El continuo de Gernsback: Un fotógrafo adicto a las anfetaminas recibe un encargo para retratar la arquitectura representativa del “futuro que pudo haber sido y nunca fue”, ese paraíso utópico imaginado durante los años 30 y 40. Mientras realiza su trabajo, empieza a experimentar visiones y alucinaciones de ese “continuo” (el título alude a Hugo Gernsback, editor de la primera revista dedicada al género SF y en cuyo honor se celebran cada año los premios Hugo).
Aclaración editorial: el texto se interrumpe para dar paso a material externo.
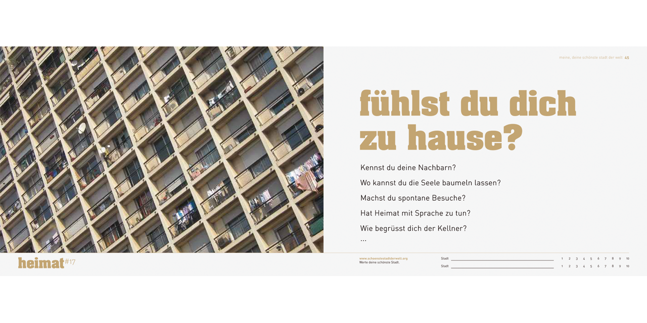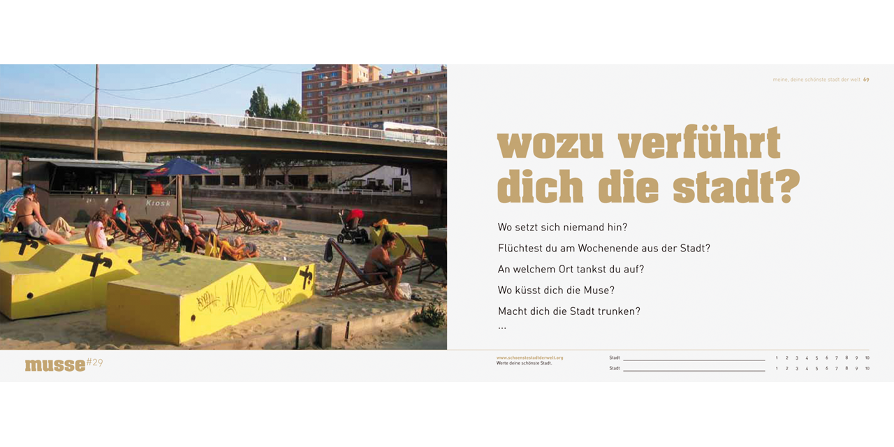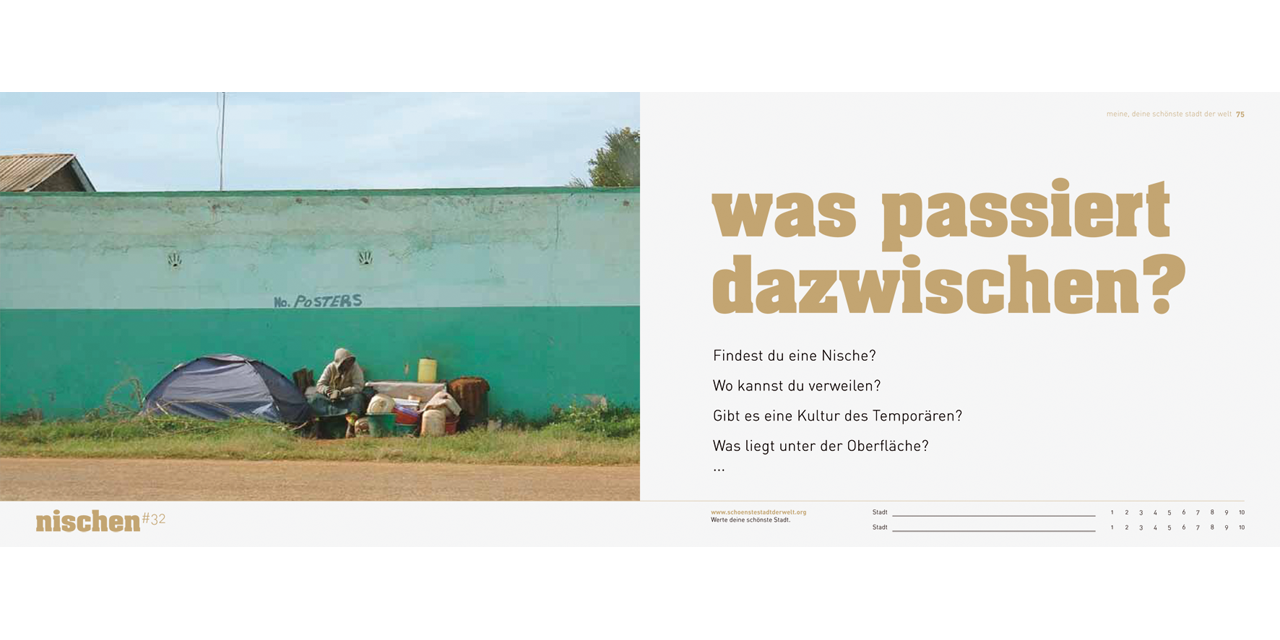 Soon, more than two thirds of all human beings on the planet will live in cities, and the number of increasingly mobile people who shuttle effortlessly between major cities is constantly growing. Every year, various city rankings choose the “top ten” cities in the world. But what makes a city livable? The familiar rankings offer a very unsatisfactory answer to this question. Their economically oriented, quantitative criteria are often taken out of context and presented as universally desirable, and as the sole determining factors in evaluating quality of life. But personal experience is much more multilayered than this. Design2context began by studying established city rankings, then analyzed scenes from everyday urban life and developed criteria that make it possible to rationally examine urban quality of life from “softer” and more emotional perspectives. The result is fifty criteria and a questionnaire that invites the reader to actively reflect on his or her own personal criteria for urban quality of life. Essays by the researchers illuminate the scientific background of the study.
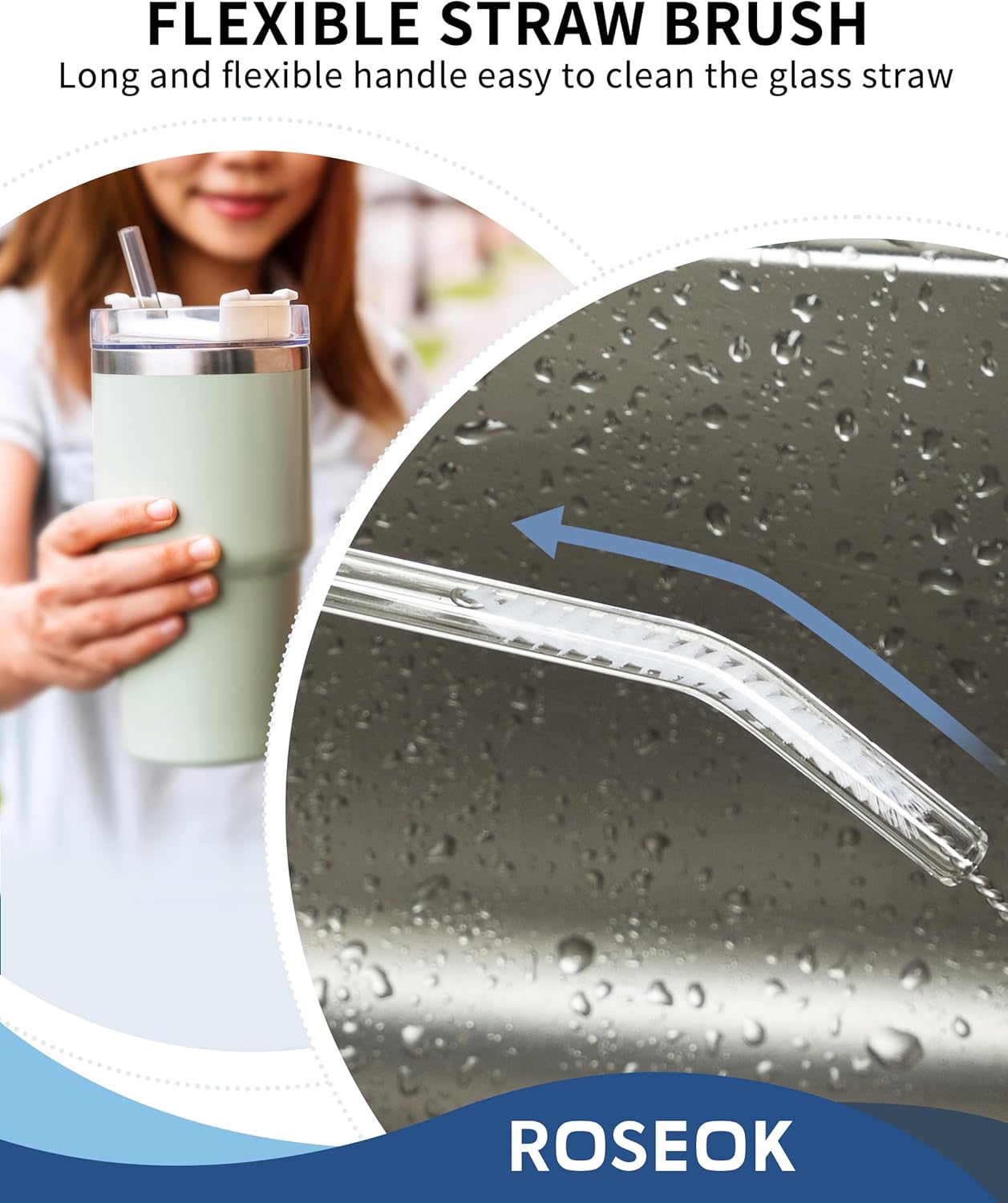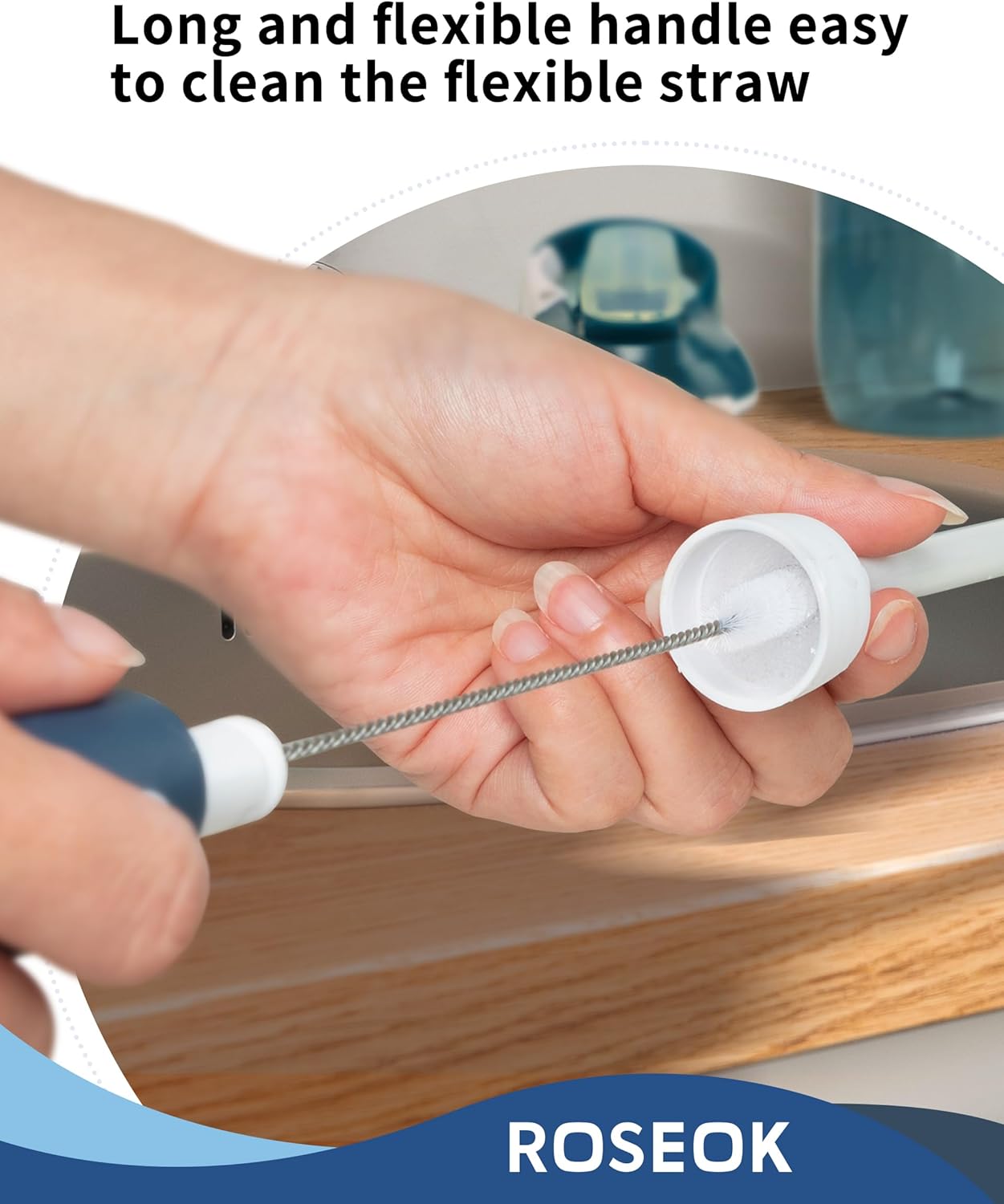 - TWO IN ONE: 2 in 1 bottle brush and straw brush designed with a 304 stainless steel straw brush stores in the larger one. Unscrew the end of thermoplastic rubber handle, there’s a 10.2 inch straw brush.The straw brush is long and flexible,so it can be used to clean the straw.
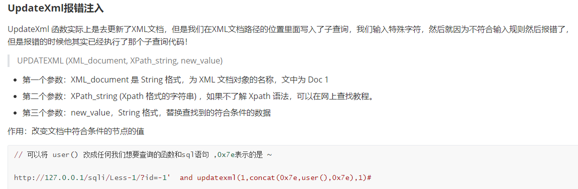 - UpdateXml函数,共有3个参数,同样用concat()函数来进行报错。

La descripción de los comerciales de mediados de siglo me recuerda a cierto suplemento que publicaba La Razón a fines de los 60 y que detallaba, con retórica optimista, los avances tecnológicos que íbamos a poder disfrutar tan sólo 20 años más tarde. Yo leía estos amarillentos fascículos a mediados de los 90 y sabía que nada de eso había llegado ni llegaría jamás... Eran en su mayoría especulaciones sin perspectiva, basadas en la exageración de algún elemento cotidiano que ya no sería relevante en el “futuro real”, aunque quizás, como sucede en el cuento, convivimos con vestigios de esos "futuros que no fueron" sin siquiera darnos cuenta.


Fragmentos de una rosa holográfica: Organizado alrededor de la poética imagen que da nombre al relato, explora la posibilidad de “grabar” sensaciones físicas y manifestaciones mentales en dispositivos que permiten luego su reproducción con fines de entretenimiento, placer, o comunicación unidireccional (un germen de la tecnología “simestim” o de simulación sensorial que Gibson desarrollará en obras posteriores). Se aparta del ritmo frenético y la atmósfera noir para revelar, a través de viñetas de aire nostálgico, hechos del pasado del protagonista. El uso del flashback y el motivo amoroso lo unen estilísticamente con el séptimo cuento de la serie. 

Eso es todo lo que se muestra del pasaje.